Contrast that with a name that DOES look random, in which NO identifiable words were found, such as:
0, 34, aa625d84f1587749c1ab011d6f269f7d64, com
You can see the code we came up with for this in Appendix I.
As much as we want to find algorithmic domain names that lack English words, we also want to carefully avoid any popular “real” domain names. Avoiding those will give us insurance against most potential “false positives”:
Figure 2. False Positives and False Negatives
Well-defined “popular” domains are ones that are on any of a number of “top N” lists such as the Alexa One Million Top Domains, the Majestic Top One Million domains, or the Domcop Top 10 Million domains.

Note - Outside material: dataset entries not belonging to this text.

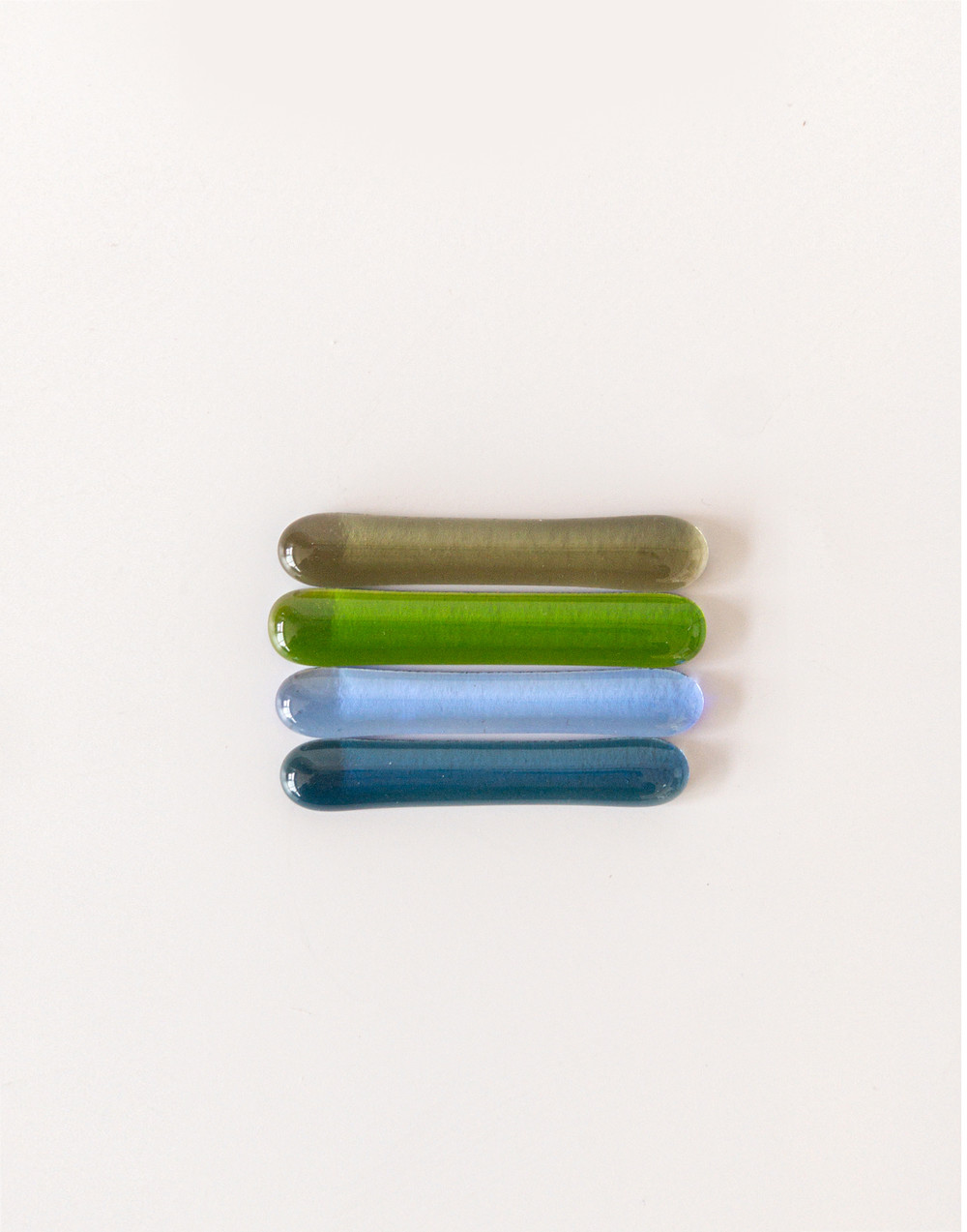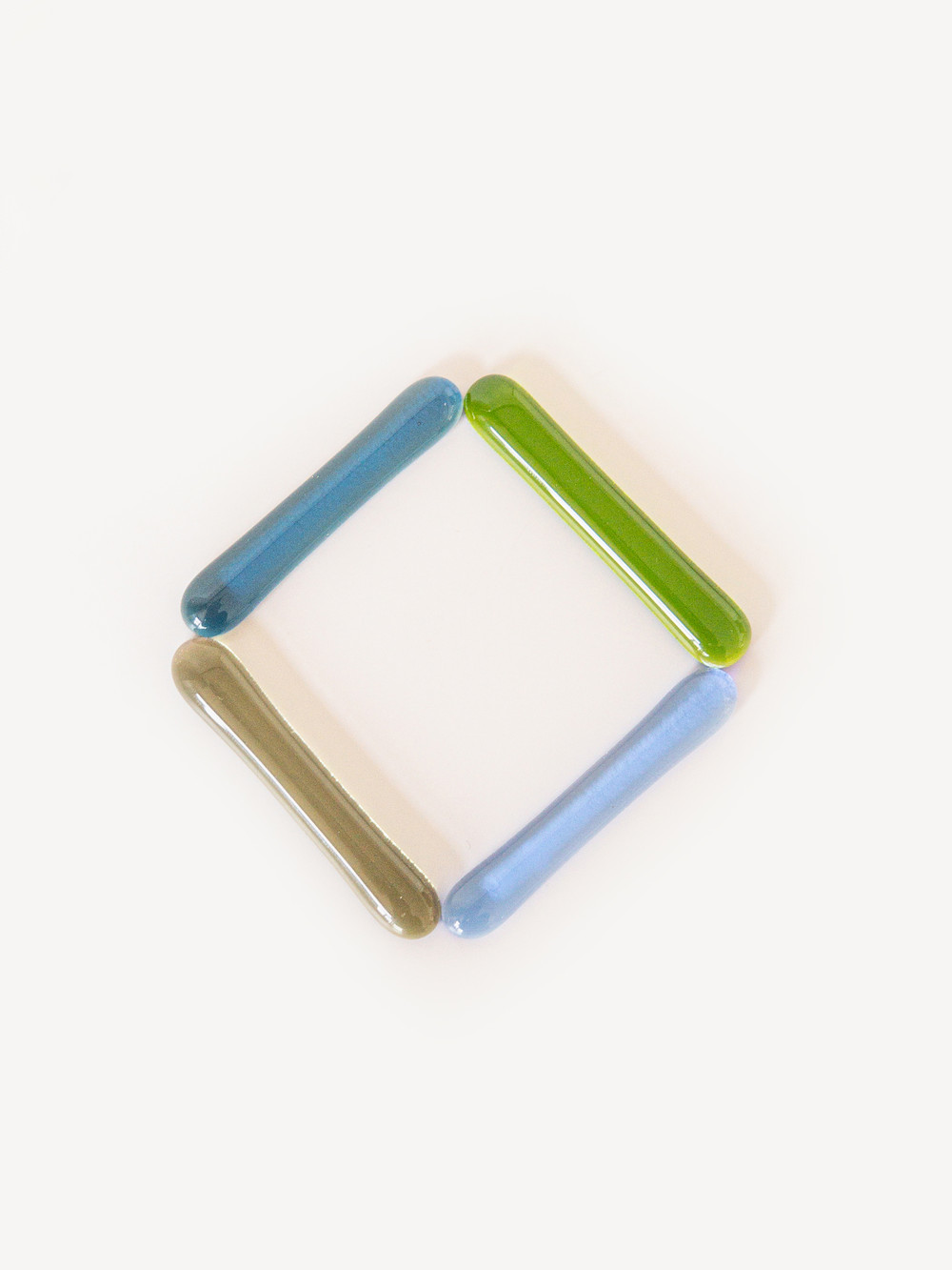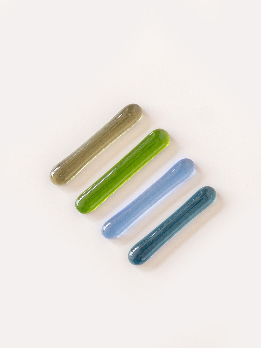 유리편집의 작은 수저 받침 세트(B)입니다. 투명한 유리 위에 색 유리를 한겹 더 올려 만들어져 더욱 맑고 투명합니다. B세트는 그린과 블루 위주의 컬러 네가지로 조합되어 함께 사용하면 테이블 위를 더욱 생기있고 화사하게 만들어 줍니다. 수저 받침 외에도 차도구를 올려 놓거나 필기구 등을 올려 다양하게 활용해 보세요.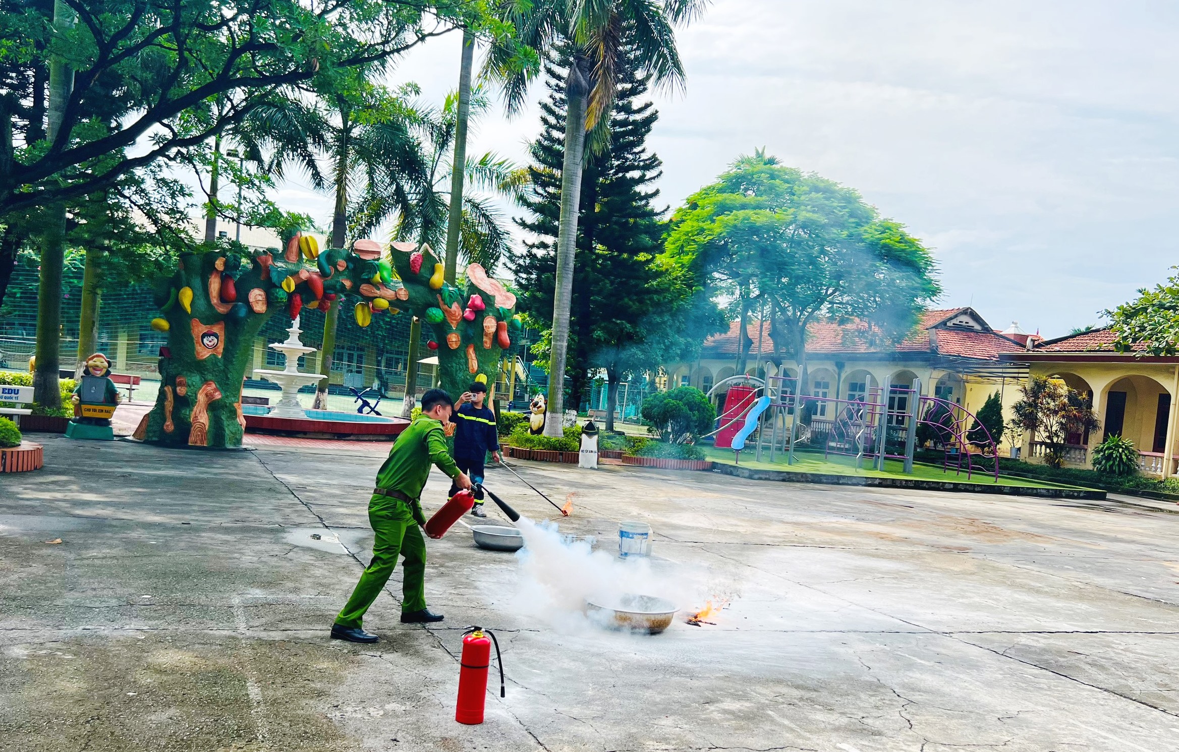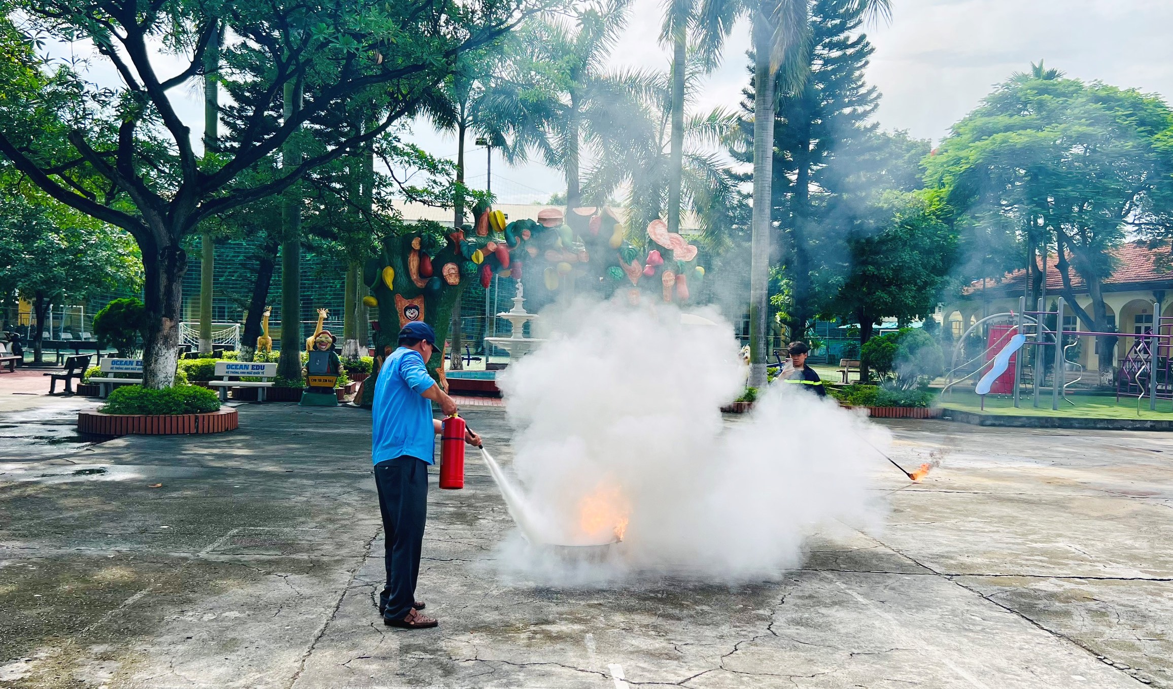Tập huấn nghiệp vụ phòng cháy, chữa cháy, diễn tập kỹ năng chữa cháy cho cán bộ, giáo viên, nhân viên, năm học 2023 – 2024.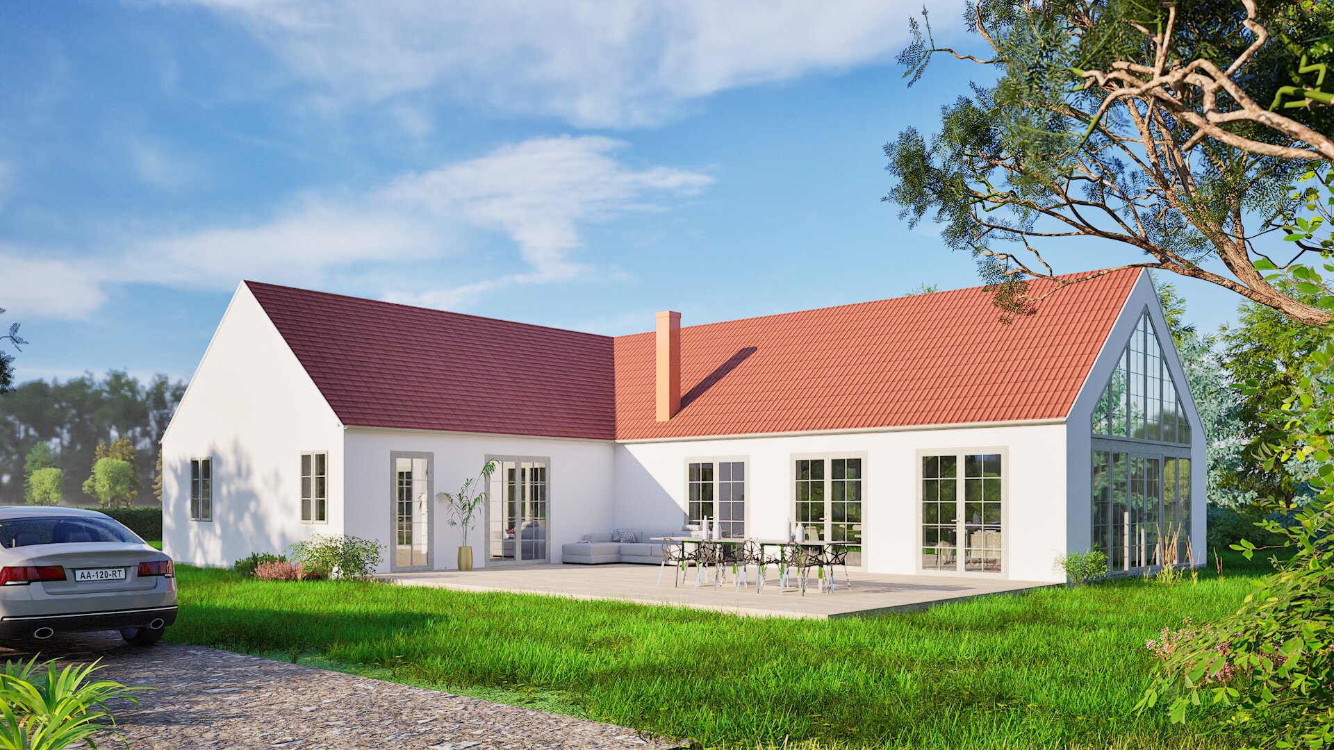 Modernt men ändå klassiskt hus på 163 m²􀯗–􀯗ett enplanshem som förenar stilren design med överlägsen funktionalitet. Den öppna och luftiga planlösningen skapar en känsla av rymd och ljus, där varje detalj är noggrant genomtänkt för att maximera komfort och estetik. Huset erbjuder två rymliga sovrum, där huvudsovrummet är avskilt för extra integritet och har en egen garderob samt ett lyxigt badrum. Det tredje sovrummet har i detta fall förvandlats till ett exklusivt ska􀆯eri och en vinkällare􀯗–􀯗en dröm för mat- och vinälskare som uppskattar extra förvaring och en plats för sina samlingar. Det centrala köket och vardagsrummet utgör hemmets sociala nav. Här möts familj och vänner i en öppen miljö med stora fönster som släpper in rikligt med naturligt ljus, vilket skapar en harmonisk koppling mellan inne och ute. Den separata tvättstugan vid entrén underlättar vardagens bestyr och bidrar till ett välorganiserat hem. Dessutom finns ytterligare ett stilfullt badrum för gäster och övriga familjemedlemmar. Huset är funktionellt och stilrent designat för både vardag och fest. De högkvalitativa materialen och den genomtänkta arkitekturen gör detta hem till en plats där du kan njuta av livets bästa stunder i en miljö som andas modern elegans.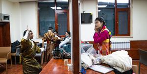 (250212) -- LHASA, 12 febrero, 2025 (Xinhua) -- Imagen del 11 de febrero de 2025 de jóvenes actores realizando preparativos para una obra de teatro infantil en el Centro de Arte de la Opera Tibetana, en Lhasa, en la región autónoma de Xizang, en el suroeste de China. La primera obra de teatro infantil de Xizang de ópera tibetana, una forma de arte tibetano que tiene una historia de más de 600 años, se presentó el martes en el Centro de Arte de la Opera Tibetana en Lhasa. Un total de cuarenta y cuatro jóvenes actores participaron en la presentación, con el más pequeño de tan solo 5 años. (Xinhua/Tenzin Nyida) (jg) (da) (vf)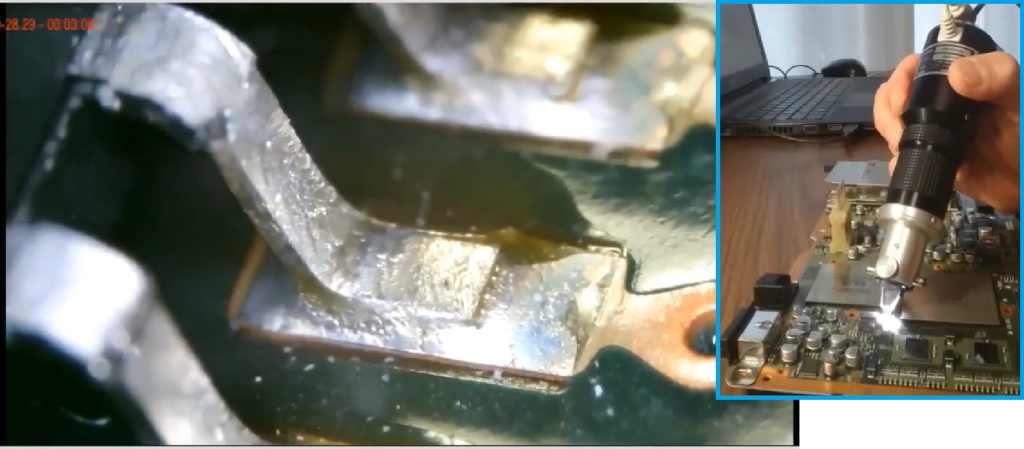 (この画像では、BGAスコープをパッケージ下に挿入し、半田ボールの接合部を詳細に観察している様子がわかります。)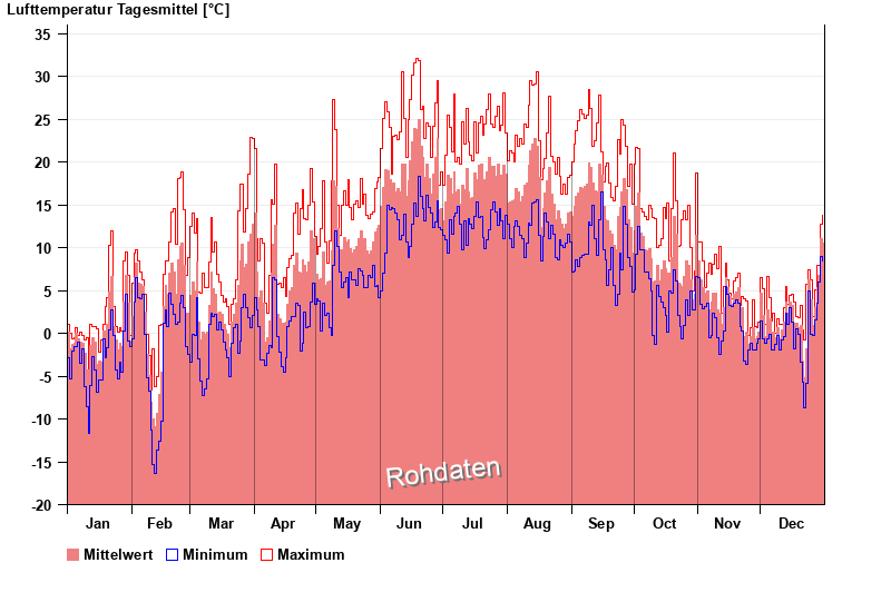 | Datum | Mittelwert [°C] | Maximum [°C] | Minimum [°C] |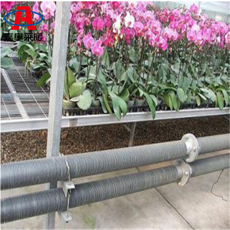 钢制翅片管对流散热器河北嘉奥散热器公司生产的工业钢制高频焊翅片管暖气片是为工厂厂房和温室大棚特定环境而研制生产的大型散热器设备,由高频焊翅片管、档板和U型联箱组成。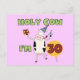 Texte : "Vache sainte J'ai 30 ans" sur les T-shirts, tasses, cartes, boutons, magnets, timbres-poste et autres vêtements et cadeaux de 30 ans avec une jolie vache caricaturale dans un casquette de fête tenant un cadeau d'anniversaire et un cupcake d'anniversaire !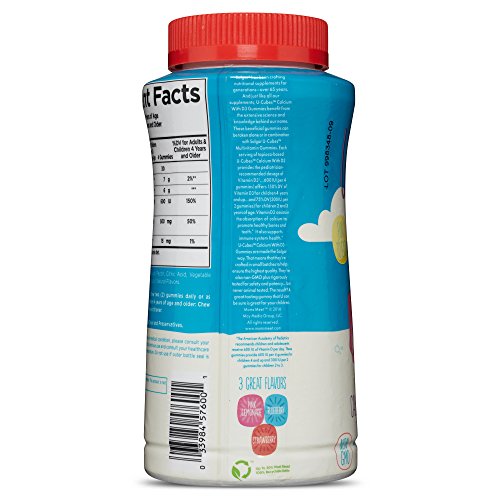 These beneficial gummies can be taken alone or in combination with Solgar U-Cubes Multivitamin Gummies. Each serving of tapioca-based U-Cubes Calcium with D3 provides the pediatrician-recommended dosage of Vitamin D3¹…600 IU (per 4 gummies) offers 150% DV of Vitamin D3 for children 4 years and up…and 75% DV (300 IU, per 2 gummies) for children 2 and 3 years of age. Vitamin D3 assists in the absorption of calcium to promote healthy bones and teeth.* It also supports immune-system health.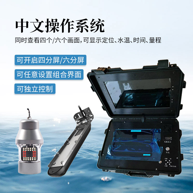 2、屏幕功能:中文操作系统,可开启四分屏/六分屏,同时查看四个/六个画面,且可独立控制,也可任意设置组合界面,可显示定位、水温、时间、量程。

The article, “Comparison Of Alexa, Majestic & Domcop Top Million Sites” does a nice job of laying out how to retrieve and extract domains from those lists.
To prepare a consolidated white list from those raw lists, we’ll:
This combined list has 8,650,286 domains which we’ll define as “exempt” from being tagged as “random-looking” algorithmic domain names. Does this leave us open to potentially missing a true “random-looking” algorithmic domain name that’s somehow also “popular?” Yes. There are definitely some pretty “random-looking” domains in that combined list, but we believe the value of protecting against accidentally mis-including popular domains outways the risk of having “false positives.”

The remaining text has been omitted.